Vivalda Group’s founder and chairman, Peter Johnson, has urged contractors and architects to tread carefully in the wake of James Brokenshire’s recent announcement to fund the recladding of 166 privately owned, high rise buildings.

Earlier this month (May, 2019) the housing minister confirmed a £200m grant scheme to replace dangerous Grenfell Tower style cladding. The scheme offers to fully fund the replacement of unsafe aluminium composite material (ACM) cladding on privately owned high-rise residential properties.

However, Vivalda’s Peter Johnson is concerned that despite the publication of the Hackitt Report on safety and the subsequent ban on combustible cladding board, there is still a lack of joined up thinking regarding the specification and testing of new cladding systems.

Peter Johnson said: “While the new generation of non-flammable cladding products  perform very well when fire tested (achieving A2 and above), we all know there is more to cladding than just the external face – facades comprise many layers including acoustic boards, thermal insulation, vital air voids and myriad fixing systems. Cladding is a much more complex topic than first meets the eye and thus deserves a truly holistic approach.”

“Specifiers working on high rise housing projects have been faced with an unpalatable challenge in the wake of Grenfell. Despite the Hackitt report and the general ban on combustible panels last year, there is still scant guidance on the safe choice of cladding systems.

“We think widespread and comprehensive testing of all parts that go to make up complete cladding systems should be part of the solution, so should clarity and access to information for specifiers. We need to make safety paramount, but also not onerous for those involved in recommending the right cladding solution.”

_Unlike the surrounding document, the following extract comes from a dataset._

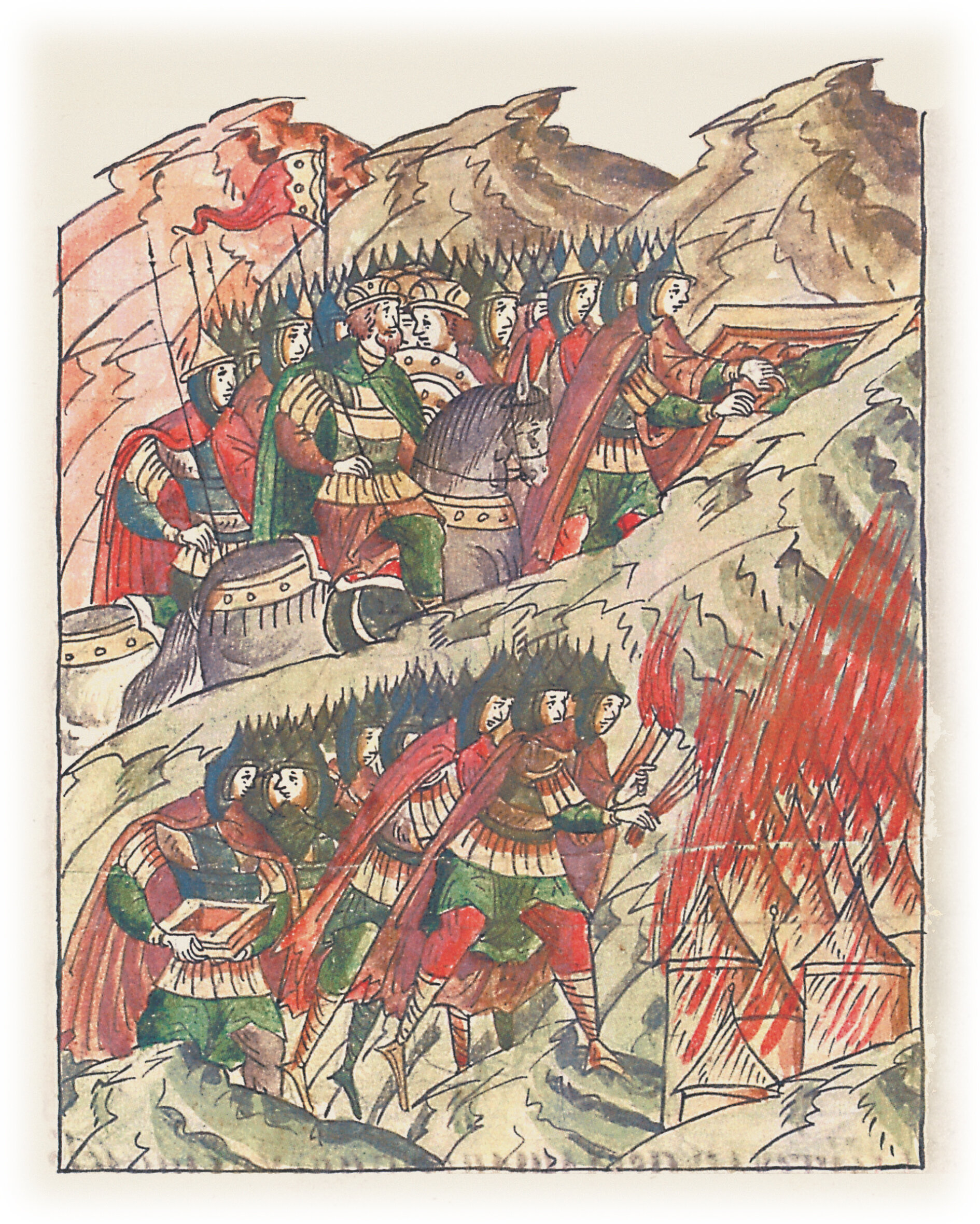 Князья Изяслав и Владимир Давыдовичи жгут и грабят село князя Игоря Олеговича.
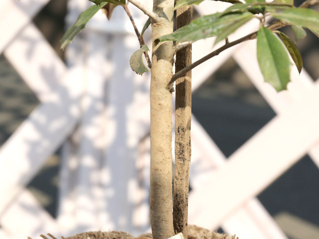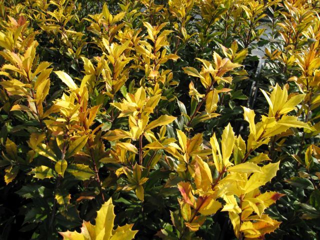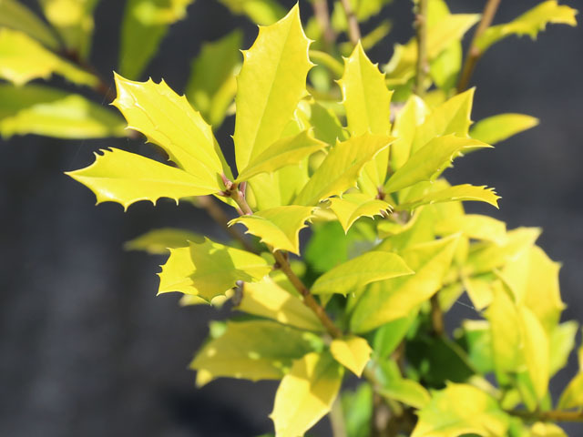 サニーフォスターは黄金色が美しい西洋ヒイラギです。春の新芽が黄色くなり、夏は緑になり、秋から冬にかけてまた黄色になります。葉には小さなトゲがあります。萌芽力が強く刈り込みにも耐えますので生垣に使用できます。

“We’re calling for a much more robust approach from the safety authorities, who should treat all proposed cladding systems as a single, integrated product; not a group of unrelated sub-components.  For this reason, we decided last year to supply only A2 and above (ie non-combustible) products to all high rise buildings. While the government has finally relented – funding the replacement of questionable cladding on 166 private towers – we think the industry needs to take the opportunity to set new, unrivalled standards of building quality for all tall buildings.”